Sunday, 29 May 2016

Xishuangbanna 西双版纳 (2) — Ancient Tea Mountains 古茶園

Dusk at Jing Mai Shan 景邁山暮色
Inside Jing-Mai Shan (Shan means Mountain) is one of the oldest natural tea plantations in Yunan Province with over 1800 years of history according to Bu Lang Tribe records. The Bu Lang plant tea trees at the fringe of the forest with minimal disturbance to the flora and fauna, just as their forebears had done for nearly two millennia. To ancient farmers, protecting the natural environment upon which they depend for food and survival is just common sense and self-preservation, not delusional “magnanimity” towards pitiful Mother Earth. There are no fences or spray painted logos around the tea trees. The farmers recognise which tree belongs to who. The ability to tell trees apart might seem incredible to some, but it’s actually quite easy, provided one has nominal vision and intelligence.

Lakeside at Jing Mai Shan 景迈山的湖畔风光

We had a fabulous lunch — extremely fresh and well cooked — at a tea chateau. After lunch, the owner gave a demonstration on how newly picked tea leaves are processed. However, I was distracted by his boy toying with two dead birds. Watching him squeezing the squashy and feathery carcasses was oddly peaceful and soothing. Though fragile urbanites who prefer their bespectacled children massacring electronic enemies on handheld devices might cringe at the thought.

REALLY good cooking starts with kitchen design...  要弄得一手好菜,先从厨房的设计开始...

First round dehydration is hand-fried  茶是用手炒的
Kneading of fresh tea leaves  揉茶

Little boy with his favourite birds   小朋友和他的两只爱雀
Many people have a beehive at home  很多人都在家里自已养蜂

Terrace Fields Near A Wa Shan 往阿佤山途中的梯田
Woman slightly out of focus  对焦稍微失准的山地妇女
A vigilant roadside vendor  帮妈妈手在公路边摆卖的小姑娘

Organic Childhood   有機童年

A Dai Monk seeking enlightenment through social media  傣族僧人尝试經微信悟道

A Dai stockaded village  傣族寨村

Solar panels are everywhere, making a big difference  寨村四處可見的太陽能

Next stop was A-Wa Shan, where the once headhunting Wa Tribe originated. After the revolution in 1949, they quit the time-honoured tradition of cutting off others’ heads, in order to keep their own on the neck. I wonder if new-age missionaries who have attained enlightenment through capitalism regard the authoritative ban an infringement on native heritage. Anyways, sacrificial killing of cows has continued. Their sacred site Long Mo Ye is thronged with bovine skulls affixed to trees and the hillside, creating a bewitching sight. Fortunately, most animal-rightists are from cow eating nations. Had the Wa rite called for the heads of fluffy pooches or purring Siamese, liberal journalists who love all wars and non-human animals might have a field day pointing fingers at “barbaric China”.


Totem at the roof of every house  每家每户屋顶上的图腾
Another tribe, the La Hu, have cohabited with the once fierce Wa along Lan Chang River for many centuries. Their ancestors were northern nomads who had migrated southwards eons ago, and settled in the Lan Chang area. Although La Hu means Tiger Hunter in their language, they are now gentle Chinese hobbits comparing with the spirited Wa. La Hu sway softly in the wind when dancing, celebrating harvest and praising woodchopping lads, whereas the Wa swing their heads wildly, twirling long hair to ferocious thumping of big drums. Most mountain dwellers tend to be small in stature, and are great singers and dancers. Singing and dancing are still their primary forms of entertainment amidst the foggy hills, even in this age of telecommunication.

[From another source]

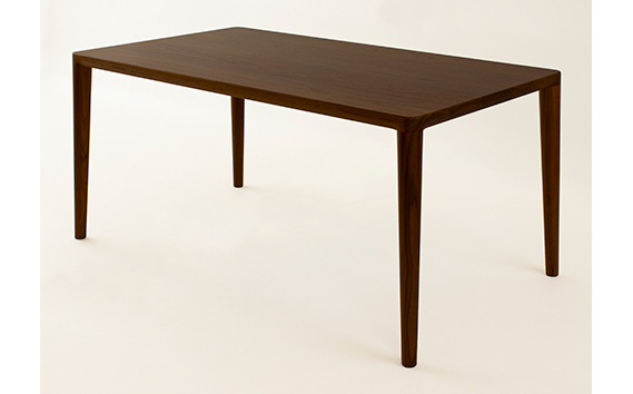 丸く絞った優美な脚を天板の四隅に配置することにより、脚内の空間を広くすることで、大人数でもゆったりと使用できるよう配慮した「テーブルエミネント」と、職人の持つ高度な木組みと削り出しの技術で作られた「アームチェアグランデ」。

A junior Lahu Tribe "Sheng" player  拉祜族的小笙手

Little La Hu Girls  拉祜族小姑娘
La Hu Elderly  拉祜族父老
  La Hu father and baby, probably   大概是拉祜爸爸和小寶寶吧
Off-season Lotus Pond 殘荷掠影

Lone survivor   冬日荷塘死剩種

Link to the previous episode (Meng Zhe Market) 鏈接到上一篇(勐遮市场):

In the middle of busy Jing Hong at the border with Laos is You Ran Tai. The exquisite retreat was designed and built by Swiss biologist Gerard, aka Lao Bo, and his Taiwanese wife Lynn during 2003-2005. They turned a dying rubber plantation into an urban paradise which makes every first visitor “wow!” upon entering.